入院日記が更新されました。昨年5月の続きで、注射のお話です。
2本の点滴の針が左の腕に刺さった。
点滴台には、抗がん剤の入った生理食塩水や、他の薬を正確に体内に投与するために、輸液ポンプが3つもついている。2つは四角形をしているが、あとの1つは注射器が機械の中に入っていて、ゆっくり注射液を入れているのだろう。見た目には分からないが着実に動いている。どんな薬が入っているのか見当もつかないが、点滴台はいろいろな袋や機械が、所狭しと並んでいて賑やかだ。
私には説明は無かったが、家内と娘にはかなり厳しい状況であるとの説明があったらしい。
ATRA(ベサノイド)と言う特効薬が大変有効であるとの事で、カプセルに入った薬を服用したが、その時私の体の中では白血球が爆発的に増えていた。そのために副作用として肺に水が溜まり、かなり熱が出たのですぐに中止された。
家内は毎日見舞いに来てくれたが、歌舞伎座の海老蔵襲名披露公演の最中で、劇場と病院の両方の行き来でかなり疲れたようだ。夜は娘が泊まってくれた。ボンボンベッドに薄い布団を被るだけで1ヶ月以上付き合ってくれた。私の具合が悪いと、夜中も起きてくれ、面倒をみてくれた。後から聞いたら、かなりしんどかったと言われ、外見も痩せてきた。
「ダイエットに良かったじゃないか」と言うと、
「冗談じゃないわよ」と、怒られた。
娘は入院してからの治療経過をノートに克明に記していてくれた。久しぶりに見るとこんな記載があった。
『夢を見た話。
パパは久しぶりに、パパのお父さんとお母さんの夢をみたらしい。
何も話しはしないらしいけど、夢の中でただパパのそばにいて、パパのことを見てるんだって。
「話しかけても、何も答えてくれないから、むこうに呼ばれたのかなぁ」とか言っていた。だから、
「まだこっちにくるな!って、言ってるんだよ。」
と、言い返しておいた。』
自分ではすっかり忘れていたが、こんな夢を見る状態だったのだろう。酸素マスクを着けたり顔色が悪かったり痣があったりと、家族や周りの人たちには随分心配をかけたようだ。

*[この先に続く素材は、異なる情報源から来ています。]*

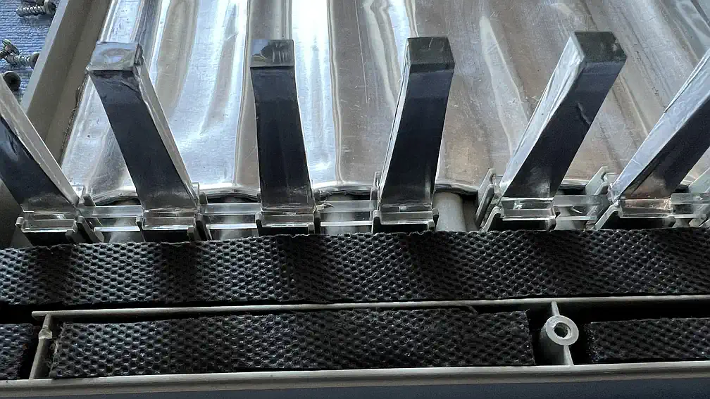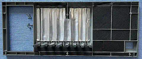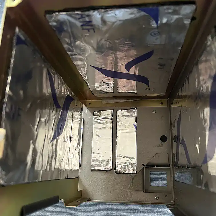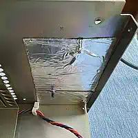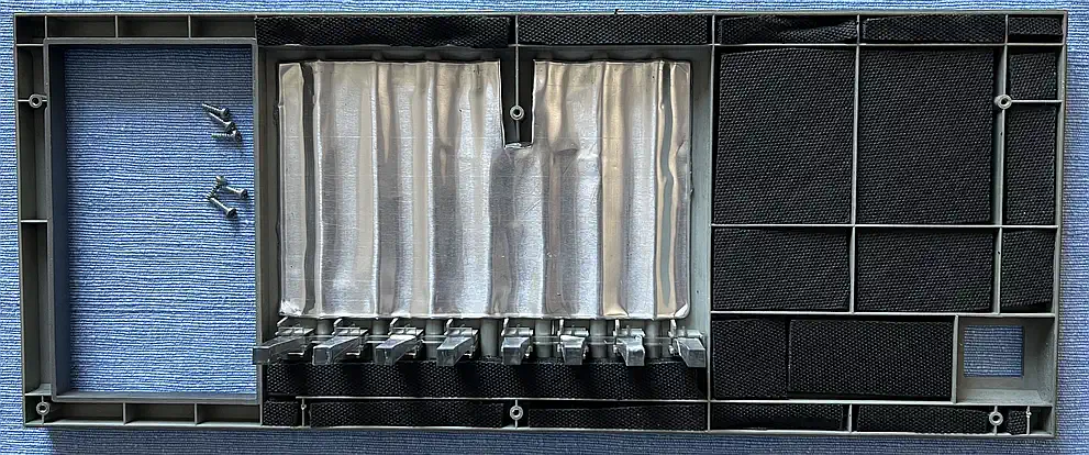 Das war definitiv die kniffligste Sache bei diesem Projekt. Ausreichende Flächen für das Alubutyl gibt es eigentlich nur oberhalb der Lichtführungen, der Rest wurde mit für PC-Gehäuse gedachten Dämmplatten gefüllt, bei denen eigentlich nur das schwere, bitumen-artige Trägermaterial und weniger die Schaumstoff-Lage für die Geräuschdämmung sorgt (jeder Akustiker weiß, daß Masse dasjenige ist, was den Körperschall maßgeblich dämmt). Aber wenn man das Ding schonmal so weit zerlegt hat, dann kommt auch noch etwas selbstklebende Alufolie an die Lichtführungen - dann wird's vorne heller... sie lassen sich sehr leicht ausklipsen. |

夜、体温が38度以上になると医師を呼んで動脈採血をするので、娘が居てくれると本当に助かる。普通の採血は静脈から採るが、細菌の繁殖を調べるのには動脈から採血する。動脈から採血するか静脈からするかは、病院によって違うようだが、どちらにしてもこの採血は、看護士には出来ず、医師が行わなければならない。
採血する場所はいつもの採血とは変わりないが、消毒をより丹念にして少し深いところまで針が入るようだ。熱が上がるのは夜か夜中が多い。そこで、宿直当番の医師が採血を行うが、正直にいって上手い医師と下手な医師との差がはっきりしていて、上手い医師はいとも簡単に採血していく。
ところが、下手といっては失礼だが、不慣れであろう医師は、何とか血を採ろうと必死の形相で体に刺さった針を動かす。
静脈では針を横にして刺していくが、動脈では縦に刺す。地下水脈か温泉を掘り当てるようなものだ。もちろん、温泉を掘り当てるより遥かに簡単だという。
吸血鬼ドラキュラに血を採られれば、甘美な官能の世界に入って行くかも知れないが、不慣れな医師が必死の形相でいつまでも針を動かしていると、普段温厚な性格を自負している私もさすがに腹が立ってきて「何時までしているんだ」と怒鳴りたくなる。そこを言わないのが、私の奥床しくもあり歯がゆいところでもある。
自己分析はさておいて、採血のベテランによると、静脈は人によっては1センチ位平気で横に動くそうだ。
であるから、採血を受ける患者が、少しでも注射器を持って構える人に不安を感じると、血管は刺されてなるものかと逃げ廻る。
それをウロウロ追っ掛け廻しているようでは駄目で「御用だ!」と、血管の首根っこを捕まえて動かぬようにして一気に刺す。血管に首根っこがあるかないかはともかく、これが採血の極意であるらしい。